The novel has received rave reviews from several well–known writers, including Ivan Efremov. It was first published in 1958 by the Children's State Publishing House (in the Library of Adventures and Science Fiction series) and immediately went through several reprints (in Irkutsk, Alma–Ata).

In 1959, Vasilevsky, also released under an amnesty, tried to sue himself half of the fees, but it turned out that Shtilmark had prudently embedded a cipher text into one of the chapters of the novel, proving his authorship.

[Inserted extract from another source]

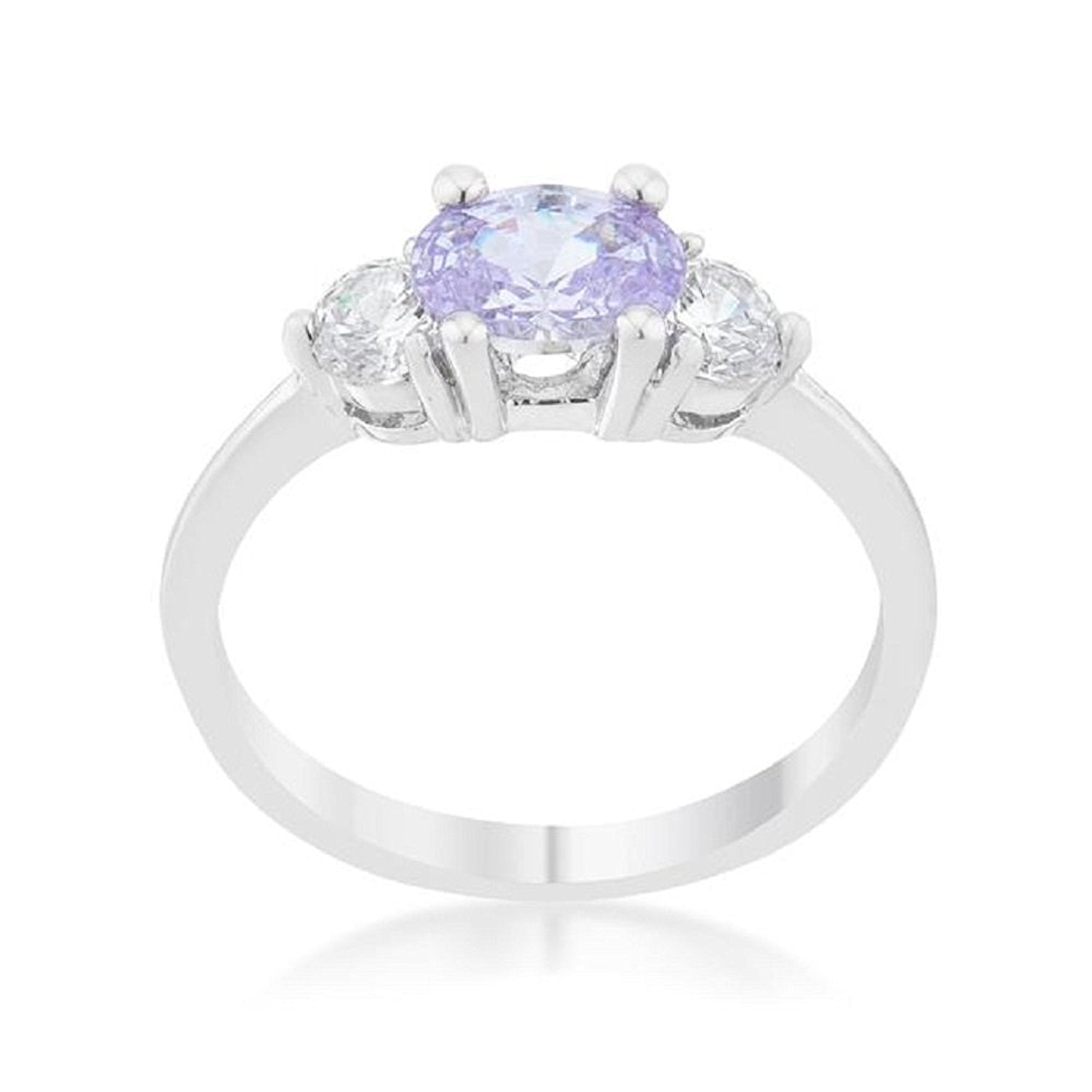 • A pair of clear -- round cut stones accompany a lavender -- oval cut center stone in this elegantly simple -- 1.2 carat engagement ring.

A new wave of interest in the novel came during 1989 to 1993.

===Last years===
From 1970 to 1981, Shtilmark worked on his autobiographical chronicle A Handful of Light, part of which was first published in his four–volume collected works in 2001. Shtilmark, despite the lack of money and great ability to work, treated everything that came out of his pen with high exactingness, as a result of which most of his plans were not completed and remained either in drafts or in the memory of the audience (Shtilmark was recognized as an excellent storyteller): novels "The Gem of Feroniera", "Koptevskiy Gentleman", stories about the artists Pavel Korin and Mikhail Nesterov. Stories "The Feat of Love" (about Vladimir Dal) and "The Winged Prisoner" (another name: "The Fighter Seeks Battle"; about the honored pilot Vyacheslav Valentey who escaped from Nazi captivity), as well as an extensive epistolary legacy remained unpublished.

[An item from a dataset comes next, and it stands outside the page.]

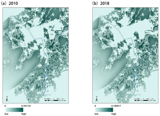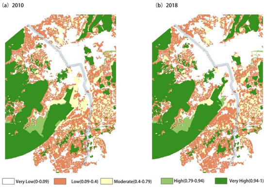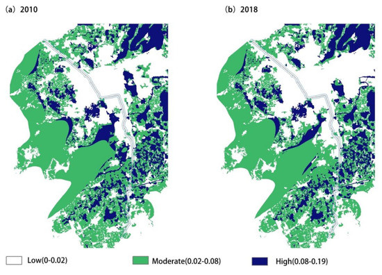 Based on the distribution of land use in Suzhou in 2010 and 2018, the Habitat Quality module analysis of the InVEST 3.9.0 model shows the changes in habitat quality, which is low in the middle and high on both sides. Through the natural breaks in ArcGIS, classification can be divided into the following five categories of Habitat Quality: Very Low (0–0.09), Low (0.09–0.4), Moderate (0.4–0.79), High (0.79–0.94), and Very High (0.94–1). As shown in Table 3, there is a trend of differentiation: there is an increasing change in the very low degree of habitat quality (urban land) and the very high degree of habitat quality (paddy fields, rivers, and lakes), and the other levels of habitat quality show a downward trend. Most of the habitat quality of the Suzhou section of the Grand Canal is in the moderate and low grades and shows a downward trend as the area of moderate habitat quality decreased by 7% and the area of low habitat quality decreased by 18.9%.

In the late 1970s, Shtilmark married Alexandra Shtilmark, née Zernova. In this marriage, a daughter, Maria Shtilmark, and a son, Alexander Shtilmark, were born.

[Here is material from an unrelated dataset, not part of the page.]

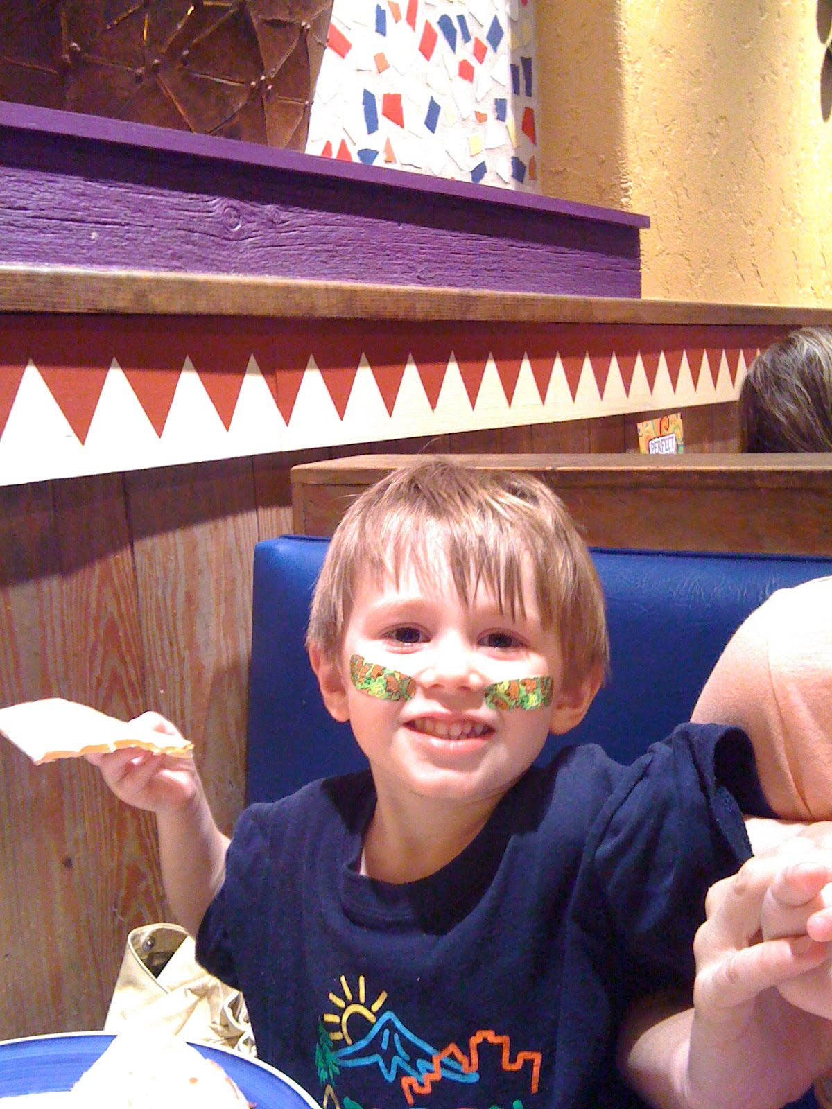 While his eyes were fine, it did hurt a lot and he had some burned patches. And in the universal expectation that a band aid can fix everything, he insisted on applying a couple (which I made sure were placed on unburned skin lower on his cheek bones). Then we went out to lunch.

Robert Shtilmark died on September 30, 1985. He was buried at the Vvedenskoye Cemetery (section 14).

==Bibliography==
- Robert Shtilmark (1932). "Drainage of the Sea (Holland)"
- Robert Shtilmark. Heir From Calcutta – Moscow: Children's State Publishing House, 1958 – 840 Pages
- Robert Shtilmark. The Story of the Russian Wanderer (based on a memoir by Vasily Baranshchikov) – Moscow: State Publishing House of Geographical Literature, 1962 – 240 Pages
- Robert Shtilmark (1967). "Images of Russia"
- Robert Shtilmark. Passenger on the Last Flight – Moscow: Young Guard, 1974
- Robert Shtilmark. The Ringing Bell of Russia: Herzen. Pages of Life – Moscow, 1976
- Robert Shtilmark. Beyond the Moscow River: Alexander Ostrovsky. Pages of Life – Moscow, 1983
- Robert Shtilmark (2001). "A Handful of Light. Chronicle Novel in Two Parts"

==Sources==
- Robert Shtilmark. "And Here I Am Sitting in the Turukhansk Territory" in the Magazine "Polar Horizons", No. 3, 1990
- Felix Shtilmark (1993). "Robert Shtilmark. Heir From Calcutta" Biography of the Author and His Main Book.